I’ll show you a non-rigorous way to get that answer without getting into the details of Stirlings formula.

Let’s suppose there is a function ${h(p)}$ so that the number of ways to partition an ${n}$ element set into a piece of size ${pn}$ and a piece of size ${(1-p)n}$ is roughly ${\exp(n h(p))}$. Let’s look at the generating function

$\displaystyle Z_n(x) = \sum_{k=0}^n \binom{n}{k} e^{xk}.$

Then we expect

$\displaystyle Z_n(x) \approx \sum_{k=0}^{n} \exp\left(n h\!\left(\frac{k}{n} \right) + x n \frac{k}{n} \right).$

For fixed ${x}$, there is presumably some ${p_0}$ which maximizes ${h(p) + p x}$. The terms coming from ${k/n}$ near that ${p_0}$ will overwhelm the others, so we should have

$\displaystyle Z_n(x) \approx \exp( n \max_{0 \leq p \leq 1} (h(p) + p x))$

or

$\displaystyle \frac{1}{n} \log Z_n(x) \approx \max_{0 \leq p \leq 1} h(p) + p x.$

Set ${z(x) = \lim_{n \rightarrow \infty} \frac{1}{n} \log Z_n(x)}$. So we should have

$\displaystyle z(x) = \max_{0 \leq p \leq 1} h(p) + p x.$

In other words, we expect ${z}$ and ${h}$ to be Legendre dual. In particular, we expect to have all of the following formulas:

$\displaystyle z(x) = \max_{0 \leq p \leq 1} h(p) + p x \quad h(p) = \min_{x} z(x) - p x.$

$\displaystyle \frac{- \partial h}{\partial p} \circ \frac{\partial z}{\partial x} = \mathrm{Id} \quad \frac{\partial z}{\partial x} \circ \frac{- \partial h}{\partial p} = \mathrm{Id}.$

To spell the last one out in words, ${- \frac{\partial h}{\partial p}}$ is a function of ${p}$ and ${\frac{\partial z}{\partial x}}$ is a function of ${x}$; they should be inverse functions. (Keeping the signs straight is one of the real nuisances in this subject.)
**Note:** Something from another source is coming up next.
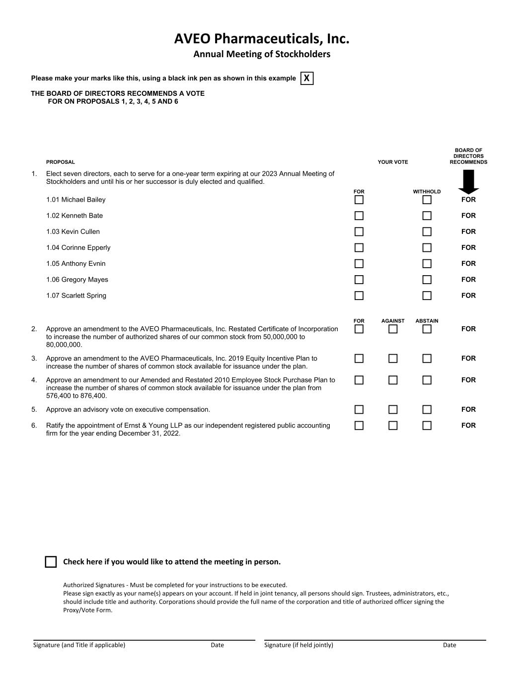 AVEO Pharmaceuticals, Inc. Annual Meeting of Stockholders THE BOARD OF DIRECTORS RECOMMENDS A VOTE FOR ON PROPOSALS 1, 2, 3, 4, 5 AND 6 PROPOSAL YOUR VOTE BOARD OF DIRECTORS RECOMMENDS 1. Elect seven directors, each to serve for a one-year term expiring at our 2023 Annual Meeting of Stockholders and until his or her successor is duly elected and qualified. FOR WITHHOLD 1.01 Michael Bailey #P2# #P2# FOR 1.02 Kenneth Bate #P3# #P3# FOR 1.03 Kevin Cullen #P4# #P4# FOR 1.04 Corinne Epperly #P5# #P5# FOR 1.05 Anthony Evnin #P6# #P6# FOR 1.06 Gregory Mayes #P7# #P7# FOR 1.07 Scarlett Spring #P8# #P8# FOR FOR AGAINST ABSTAIN 2. Approve an amendment to the AVEO Pharmaceuticals, Inc. Restated Certificate of Incorporation to increase the number of authorized shares of our common stock from 50,000,000 to 80,000,000. #P9# #P9# #P9# FOR 3. Approve an amendment to the AVEO Pharmaceuticals, Inc. 2019 Equity Incentive Plan to increase the number of shares of common stock available for issuance under the plan. #P10# #P10# #P10# FOR 4. Approve an amendment to our Amended and Restated 2010 Employee Stock Purchase Plan to increase the number of shares of common stock available for issuance under the plan from 576,400 to 876,400. #P11# #P11# #P11# FOR 5. Approve an advisory vote on executive compensation. #P12# #P12# #P12# FOR 6. Ratify the appointment of Ernst & Young LLP as our independent registered public accounting firm for the year ending December 31, 2022. #P13# #P13# #P13# FOR Check here if you would like to attend the meeting in person. Authorized Signatures - Must be completed for your instructions to be executed. Please sign exactly as your name(s) appears on your account. If held in joint tenancy, all persons should sign. Trustees, administrators, etc., should include title and authority. Corporations should provide the full name of the corporation and title of authorized officer signing the Proxy/Vote Form. Signature (and Title if applicable) Proposal_Page - VIFL Date DateSignature (if held jointly) XPlease make your marks like this, using a black ink pen as shown in this example

In this case, we can compute ${z(x)}$ explicitly. We have ${Z_n(x) = (1+e^x)^n}$, so ${z(x) = \lim_{n \rightarrow \infty} \log(1+e^x) = \log (1+e^x)}$ so ${\frac{\partial z}{\partial x} = \frac{e^x}{1+e^x}}$. We use the relation that the derivatives of Legendre dual functions are inverse. Inverting ${p = \frac{e^x}{e^x+1}}$ gives ${x = \log p - \log (1-p)}$ so

$\displaystyle \frac{\partial h}{\partial p} = - \log p + \log (1-p)$

and we can compute the integral to get

$\displaystyle h(p) = - p \log p - (1-p) \log (1-p).$

I’m trying to learn to write shorter posts, so I’ll stop here for now. Next time, we compute the shape of a random partition of ${n}$.

## 3 thoughts on “Legendre duality and statistical mechanics”

1. Consider a fair 2^n-sided die. If I roll it and tell you what I got, you get n = -log_2(1/2^n) bits of information. If I paint half of it black and then roll it, then when it comes up black you only get 1 bit, but a number still gives n bits.

Consider an unfair coin that comes up heads p of the time, tails 1-p. How much information do you expect to get when I tell you what I flipped? Answer: this h(p), assuming the logs are log_2.